Typically, the photodetector output charge is converted into a time pulse whose duration is proportional
to the charge value, this technique is known as “Time Over Threshold” (TOT). Obtaining such a linear conversion is challenging for low charges yet essential to improve image SNR [18]. The pulse duration is then digitized using an external clock. Delay line architectures will be studied to determine the best compromise between complexity and accuracy. Finally, the external clock sets a time-window during which the photodetector could randomly fire several times, we must ensure that the charge to time conversion can be performed before within the time window. Also, considering the number of disintegration expected, the data flow is also tremendous, about 1.106 pulses/s.
To locate where the detection took place, each photodetector will have its digitized output data tagged
with the photodetector address. So that the Event Builder (WP2) will receive light signals with the proper localisation information.
1.2 Results
Time Over Threshold is not suited when one needs to count a large number of photon , i.e. more than 10 as shown in Fig. 1.2. As the number of PEs increasease the resulting integration of the light pulses into a single analogue pulse by the shaper does not yield difference in the time varying digital signal steming from the threshold. Thus, this does not count the number of PEs above a dozen at best. A better solution to correctly count PEs above 10 is to generate several TOTs using several threshold voltages for the same analogue pulse and then add the TOTs up to get the corresponding number of PEs, Fig. 1.2.
A new readout circuit implementing multi time-over-threshold has been designed, Fig. 1.3 shows the block diagram of the board. The PCB format is fully compatible with the XEMIS2 prototype, hence testing the prototype is real conditions wil be possible. Compared to the existing light readout circuit, this one has 6 differents digitally tunable (12 bits) threshold voltages, increased bandwidth for amplifiers and comparators bandwidths resulting in better noise performance. Figure 1.4 shows a picture of the fabricated prototype, called XSREMTOT.
A calibration protocol was carried out on a test bench to define the value of the four thresholds to reach a noise count rate of 1 kHz. The calibration set-up consists of a pulse generator, the XSREMTOT board, an FPGA, and a computer for data recording.
Figure 1.4a shows the MTOT method for two configuration of threshold levels, in blue for (1,4,16,64)

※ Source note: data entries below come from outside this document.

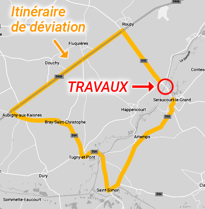 Durant les travaux, la circulation des véhicules sur la RD32 devra être interrompue, l’itinéraire de déviation empruntera les routes départementales n° 32, n° 34 et n° 930, traversant les communes de Seraucourt-le-Grand, Artemps, Saint-Simon, Tugny-et-Pont, Bray-Saint-Christophe, Aubigny-aux-Kaisnes, Fluquières et Roupy.
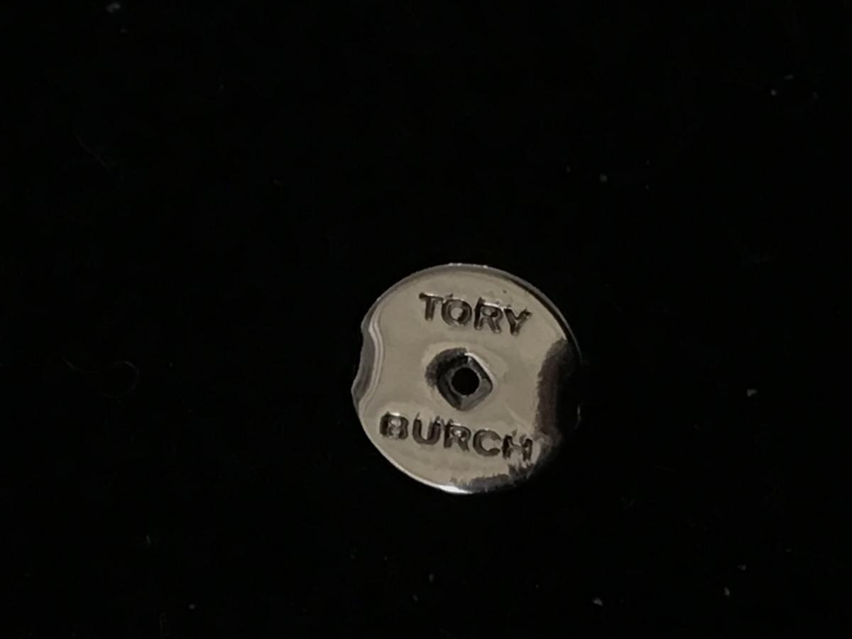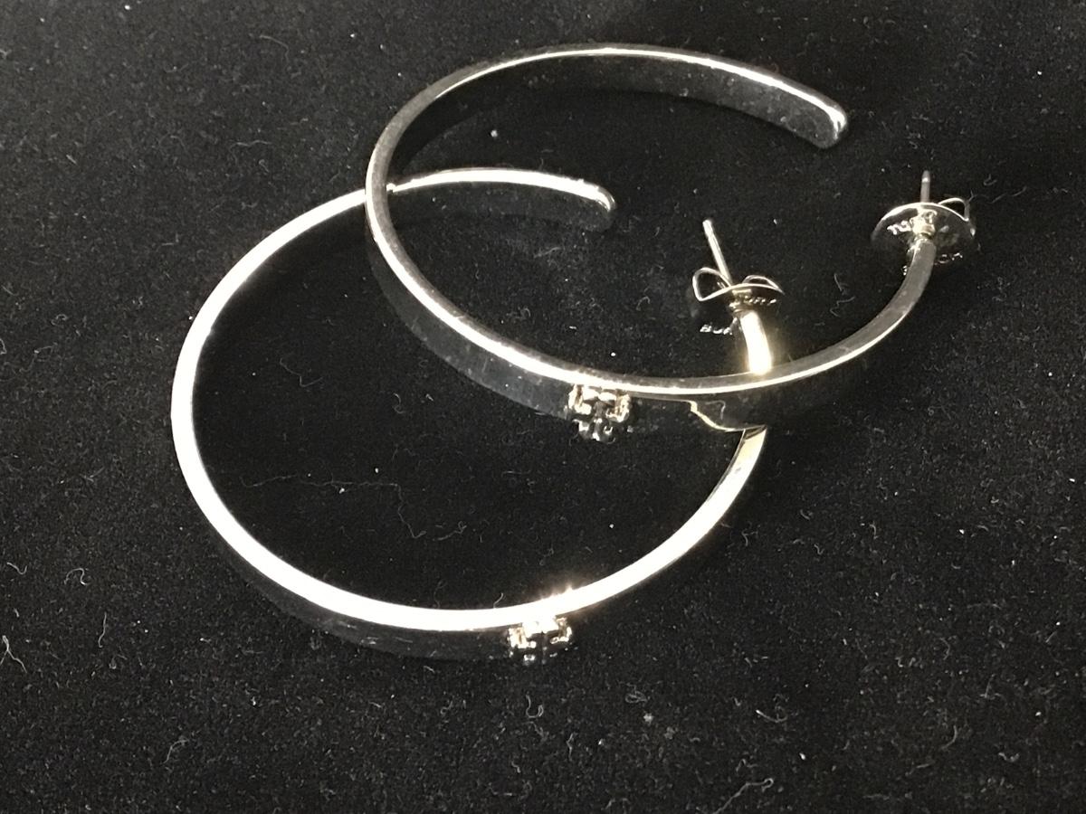 Tory Burch. Silver Tone Marked Hoop Earrings
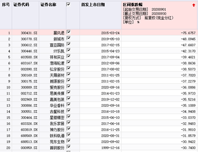 截至9月30日,在跌幅最大的前十名中大部分为创业板个股,其中暴风退成了“熊”头,单月跌幅超过75%。此外,从前十大熊股来看,大多为创业板公司(7家),及前期涨幅很大的公司。
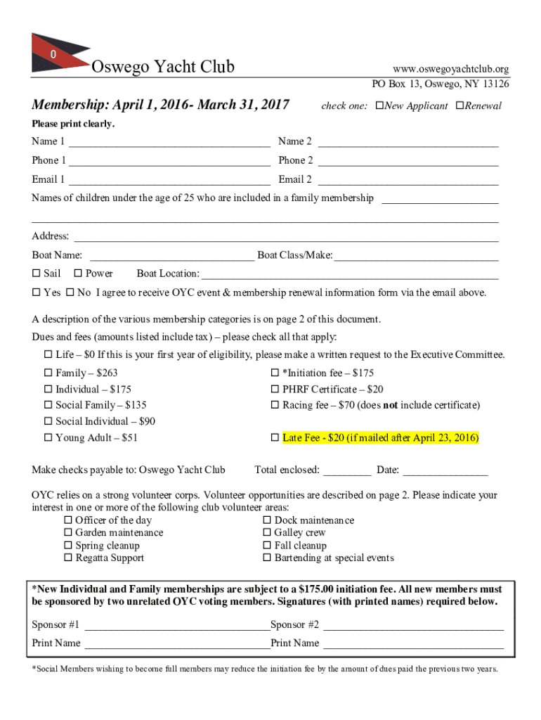 Oswego Yacht Club.oswegoyachtclub.org PO Box 13, Oswego, NY 13126Membership: April 1, 2016, March 31, 2017check one:New ApplicantRenewalPlease print clearly. Name 1 Name 2 Phone 1 Phone 2 Email 1
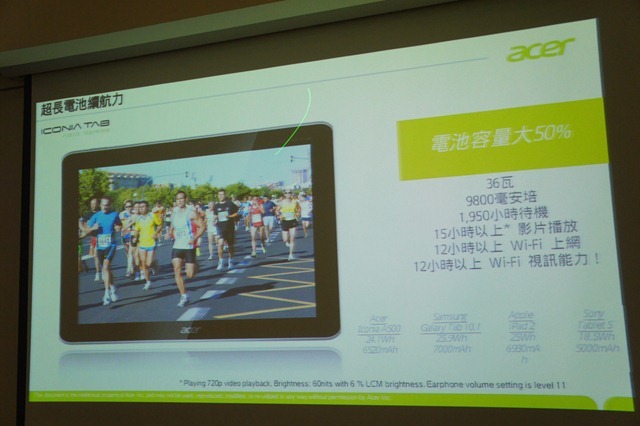 在不影響輕薄狀況下,ICONIA TAB A510有著高達9800 mAh的電池,並在高效能、低功耗的Tegra 3處理器加持下,續航力與其它廠牌主力機型相比,最少都有四個半小時以上差距。
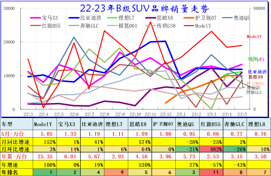 B级SUV 2023年5月批发市场仍是电动车领军,燃油车是奥迪、宝马较强,而豪华车在未来政策促进下仍会有较好表现。
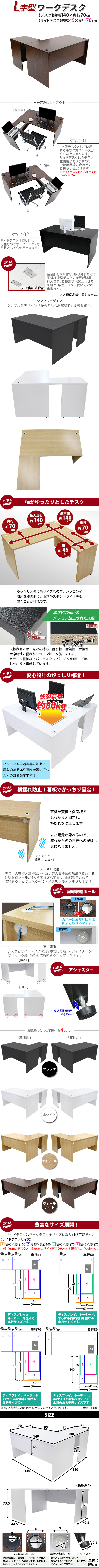 | 商品紹介 | ■作業スペースを広く確保出来る、L字型ワークデスクです。 ■サイドデスクの幅が約45cmのタイプです。 ■会議室や事務所等、オフィス家具として様々なシーンでお使いいただけます。 ■天板には、メラミン加工を施しています。 ■幕板が天板と側面板をがっちりと固定!横揺れを防止します。 ■ネジ穴隠しのシール付き。(サイドデスクのみ付属) ■デスクの天板と幕板に配線収納ホールが2カ所ずつ備わっています。 ■アジャスターで高さの調節が可能です。(高さ調節範囲〜約15mm) ※こちらの商品は、組立て式です。組立てにはプラスドライバーが必要です。お客様でご用意ください。 ※組立図が付属します。 ※サイドデスクの取り付けはデスクの右側専用となります。 ■材質:パーティクル(パーチクル)ボード(メラミン加工)(本体、サイドデスク)、プラスチック(アジャスター、配線収納ホール) ■重量:約48kg(デスク:約35kg、サイドデスク:約13kg) ■総耐荷重:約80kg ●新品商品ではありますが、輸入商品の為、多少の擦り傷などがある場合がございますので、ご納得の上ご購入下さいませ。 ●ご購入後、お客様ご都合によるご返品、ご返金等は一切お受け致しておりません。 ●本商品を使用した際に発生したトラブル、事故につきまして、当社は一切の責任を負いません。ご使用に関しましては、全て自己責任にてお願い致します。 ※カラーはウォールナットとなります。 |
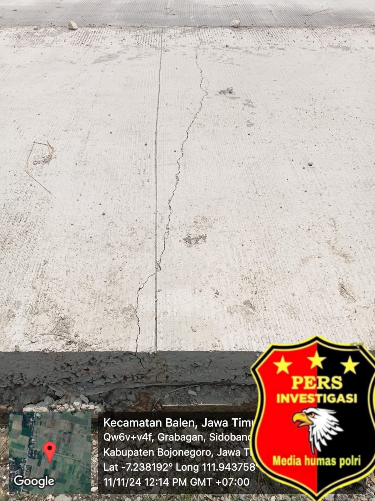 Menurut faktualisasi di lapangan, proyek pembangunan jalan jenis rigid beton yang baru saja rampung dikerjakan oleh CV. SETYA KARYA asal Desa Mayangkawis RT. 19 RW. 02, Kecamatan Balen tersebut, kini kondisinya sudah mengalami keretakan dibeberapa titik lapisan atas (concrete slab) rigid beton
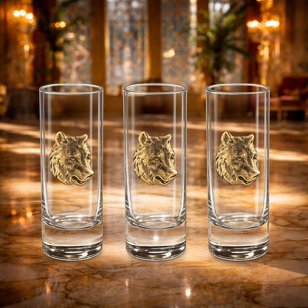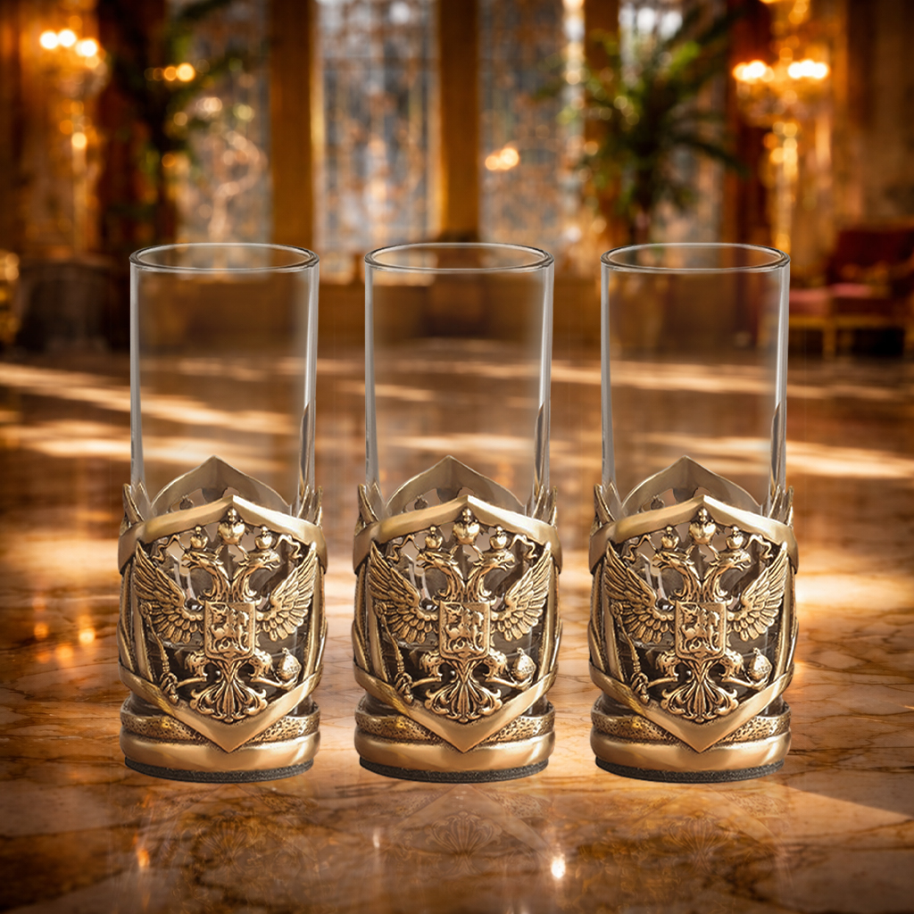 Набор из 3-х стопок-патронов Герб РФ в черной подарочной коробке с печатью Герб Великая Россия
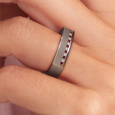 Eine außergewöhnlicher rechteckige Ehering! So einzigartig wie Ihre Beziehung! Kein Mensch ist wie der andere und deshalb wollen Sie auch einzigartige Ehering. Dieser einzigartige Damen WH2005L Ehering wird von unseren Schmuckdesignern angefertigt und von unserem Goldschiede in Handarbeit gefertigt. In diesem Verfahren verwenden wir pure Handwerkskunst in Kombination mit den neuesten Techniken, um das beste Ergebnis zu erzielen. Unser Goldschiede strebt nach absoluter Perfektion. Ein einzigartiger, handgefertigter Ehering zum Gedenken an Ihren großen Tag! Dieser einzigartige WH2005L Weißgold Ehering ist mit Rubin besetzt, ±5 mm breit und hat ein mattiert-glänzende Finish. Einen Ehering wählt man nicht aus einer Laune heraus. Am Ende möchten Sie nämlich einen Ring, der vollständig Ihrem Stil und Ihren Vorlieben entspricht. Ein Spiegelbild Ihrer Liebe und Beziehung. Ein Ring, der ein Leben lang hält. Ein Symbol für alles, was Sie verbindet. Ihren Traum-Ring zu kreieren ist unsere Leidenschaft. Dies wird kunstvoll von Hand in unserem eigenen Studio gemacht, so dass wir Ihren Ring perfektionieren können. Der lohnendste Job der Welt!Haben Sie noch spezifische Wünsche? Zum Beispiel ein glänzender oder mattierter Ring (kostenlos)? Breiter oder schmaler? Die Möglichkeiten für diesen Ehering sind unendlich. Sie können gern unsere Schmuckdesigner kontaktieren damit Sie Ihren Ring nach Ihrem Geschmack weiter anpassen können. Auch wenn Sie Ideen haben für den Entwurf von Ihre eigenen Eheringe oder einen bestimmten Ring im Laden gesehen haben, können Sie dieser immer mit unserem Designers überlegen. Unsere Designers werden gern herausgefordert genau diesen Ring zu erstellen wovon Sie Träumen!Nachdem Sie Ihre Bestellung aufgegeben haben, beginnen unsere Goldschmiede mit dem kreativen Prozess der Herstellung Ihre Eheringe in unserem eigenen Studio. Wir haben keine Lager. Das ist vorteilhaft, da diese Kosten nicht an Sie weitergegeben werden. Daher sind wir in der Lage, Schmuck von höchster Qualität zu außergewöhnlich niedrigen Preisen anzubieten.Um es einfacher zu machen, bieten wir eine kostenlose 30-tägige Rücksendung.
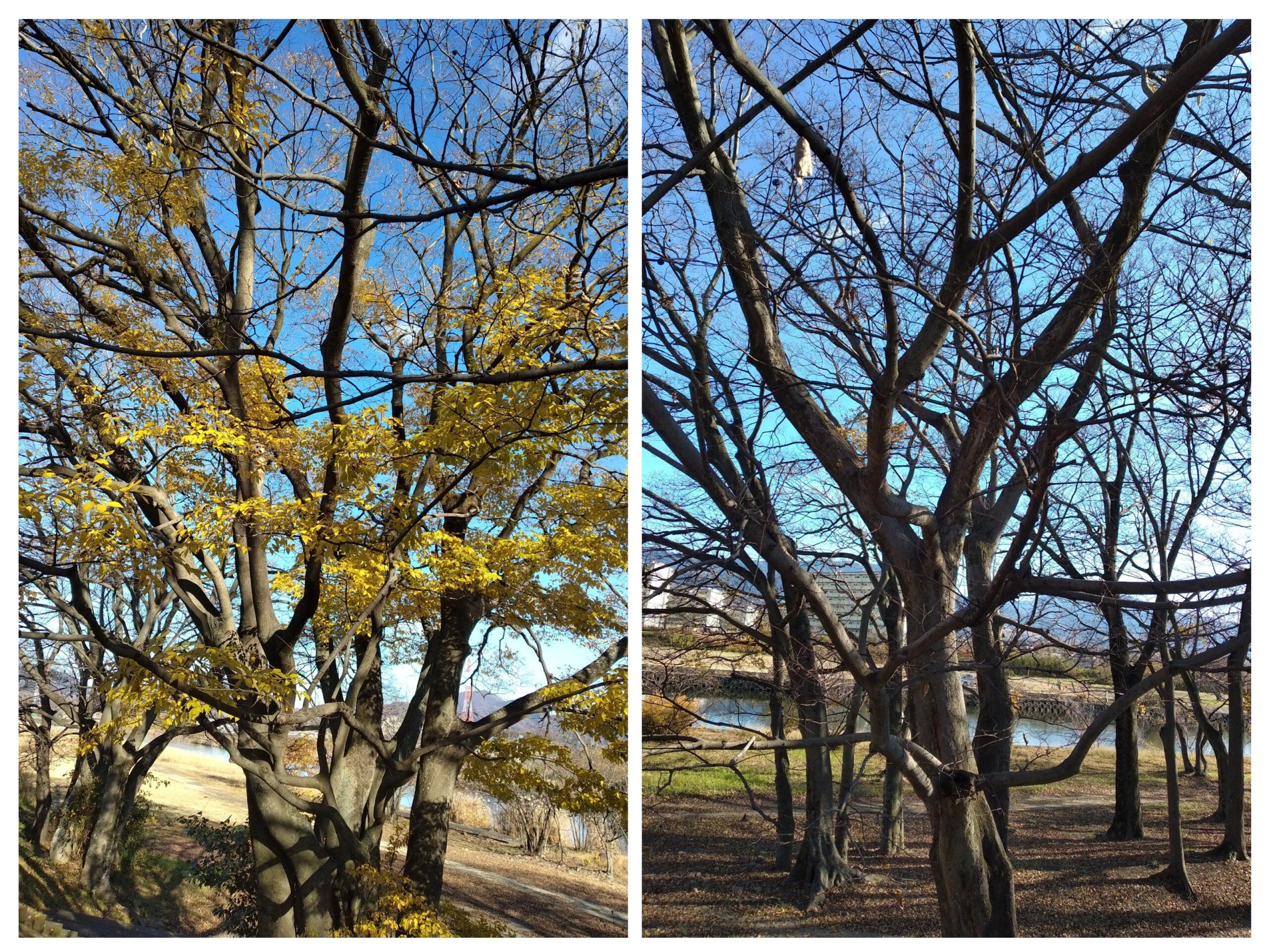 午後は晴天のなか、歩き出してすぐヤマモモにからみついたクズの除き方(根元をきる)。続いてマンション前のシマトネリコは奇数回羽状複葉で種のつき方も造りも同様だと確認した。10分ほど歩いた歩道橋の上から見事な黄色に色づいたメタセコイヤに見とれながらその話を聞き、クヌギとクリの葉の違い、シラカシとアラカシの違いなどについてなど次々と話は続く。公園にいつたどり着くのか心配になってきた。
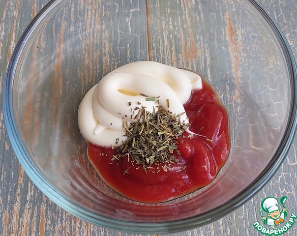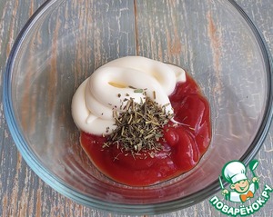 В емкости соединить майонез, кетчуп и прованские травы, перемешать.
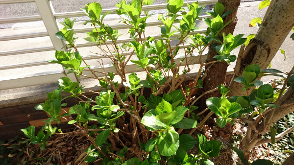 こちらは西洋アジサイです。こちらもほとんどの枝からツヤツヤの葉っぱが出てきました。今年も大きくなりそうです。このくらいのボリュームで収まると可愛いのですが、たぶん、高さ、幅ともに2倍位の大きさになるだろうなあ。

PEs an in green for (1,4,8,32) PEs. These resolutions are compared with the one of the STOT method, as well (cf. orange vs blue or green dots in Figure 1.4a). The theoretical ideal resolution, depicted by gray squares, represents a scenario where the only perturbation is the unavoidable variation in PMT gain, while all other potential disturbances are absent. This comparison highlights the impact of these disturbances on the reconstruction accuracy. Figure 1.4b directly compares the two methods: STOT and MTOT. The relative difference between these methods is calculated for both sets of thresholds. This graph significantly highlights the precision improvement provided by MTOT. With each new threshold triggered (represented by blue and green dashed lines), the resolution of the number of NPEm increases dramatically, reaching up to 70% for the highest signals (>64 PEs) with the first set of thresholds within the studied range. It is important to note that the second set (magenta curve) offers better accuracy at the beginning of the interval studied, as its configuration is optimized for detecting smaller signals. The number of PEs detected in XEMIS2 depends on the activity of the radioactive source used. Accurate knowledge of the distribution of the vaccum UV photons across the XEMIS2 PMT network as a function of activity will enable maximizing efficiency by selecting the optimal threshold configuration for each injected dose.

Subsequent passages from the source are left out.